Piccolo, scattante e geniale come pochi, con una passione profonda per lo sport e i piaceri della vita. Teofilo Sanson, morto venerdì pomeriggio all'età di 86 anni, ha cominciato a pedalare giovanissimo, come tanti ragazzini della sua generazione. Veneto di Conegliano, torinese per un po': giusto il tempo per farsi strada con il suo triciclo, con il quale ha cominciato a vedere gelati.
Nella sua azienda a Colognola ai Colli campeggiava una sua foto dei tempi in cui vendeva gelati con il carrettino. Ne andava orgoglioso: «Solo se si ha voglia di pedalare si può arrivare al traguardo…», diceva compiaciuto uno degli industriali che hanno fatto grande Verona e l'Italia nel mondo.
Quando nel 1986 venne nominato Cavaliere del Lavoro, il suo gruppo fatturava oltre 96 miliardi di lire, con 220 persone addette. Nel 1988, l'azienda finì in mano agli americani del fondo Beatrice. Poi nel 1994, con l'aiuto dell'amico Leonardo Del Vecchio di Luxottica, Teofilo riuscì a riprendersi l'azienda, che cedette definitivamente alla Gran Milano del gruppo Barilla nel 2000. Nel 2008 Sanson passa a Sammontana, ma nel 2012 - pur mantenendo in vita lo stabilimento veronese - decide di togliere lo storico marchio dal mercato.

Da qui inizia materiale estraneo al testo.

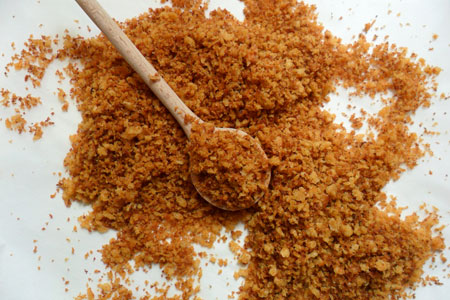 Πού θα τα χρησιμοποιήσεις; Στις σαλάτες σου, στο ψητό φιλέτο κοτόπουλου, στο κοκκινιστό, σε πιλάφια και ριζότι, σε σούπες, σε χόρτα τσιγαριαστά κ.λπ. μόνο που θα τα βάλεις την τελευταία στιγμή, στο σερβίρισμα. Η μαγείρισσα και συγγραφέας Εύη Βουτσινά μού λέει ότι αυτό το κοντιμέντο απαντάται στην παραδοσιακή μας κουζίνα: στη Θεσσαλία το λένε «ψίχα» κι εκεί το πασπαλίζουν πάνω από λαμπριάτικους κρεομεζέδες. Γιατί, λοιπόν, να μη βαφτίσουμε αυτή την παρασκευή «ελληνικά κρουτόν»;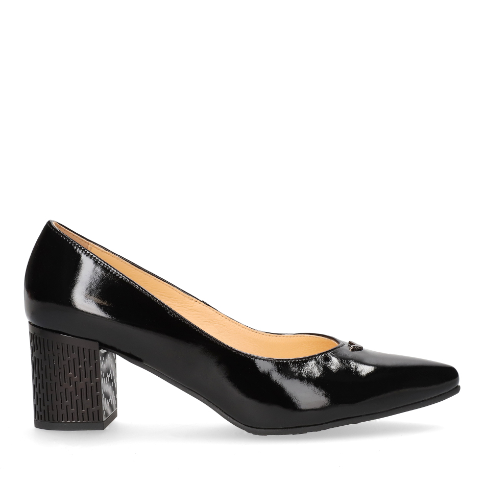 Eleganckie czarne czółenka z lakierowanej skóry na obcasie typu słupek – styl, wygoda i polska jakość

Oltre che per i gelati, Sanson si è fatto apprezzare e amare per la sua grandissima passione per lo sport. Prima il calcio: nel'76 rileva l'Udinese, che sotto la sua presidenza sale dalla serie C alla A. Successivamente è anche patron del Conegliano Calcio, del Chioggia Sottomarina, della Pallanuoto Civitavecchia, del Rovigo Rugby, con cui vince due scudetti. Ma la sua vera passione è il ciclismo. Prima con Italo Zilioli, poi con Francesco Moser.
«Ho un solo rammarico - ricorda oggi Francesco che con la maglia della Sanson corse dal '76 all'80 e vinse un mondiale e tre Roubaix consecutive -: non aver vinto il Giro d'Italia con il suo marchio. Vinsi nella sua Verona con quella della Gis Gelati di Scibilia, un suo concorrente, ma nonostante questo non ha mai smesso di volermi bene e fare il tifo per me».
Geniale, Teofilo. Prima di altri aveva infatti compreso come lo sport potesse essere un importante veicolo commerciale e pubblicitario.

Trovò un falla regolamentare (in serie B, stagione '79-80) e appose il suo marchio sui calzoncini dell'Udinese. «Pagai 50 milioni di multa, ma ebbi un ritorno d'immagine e pubblicitario cento volte maggiore…», raccontava orgoglioso a chi glielo ricordava. Anche quella volta pedalò davanti a tutti.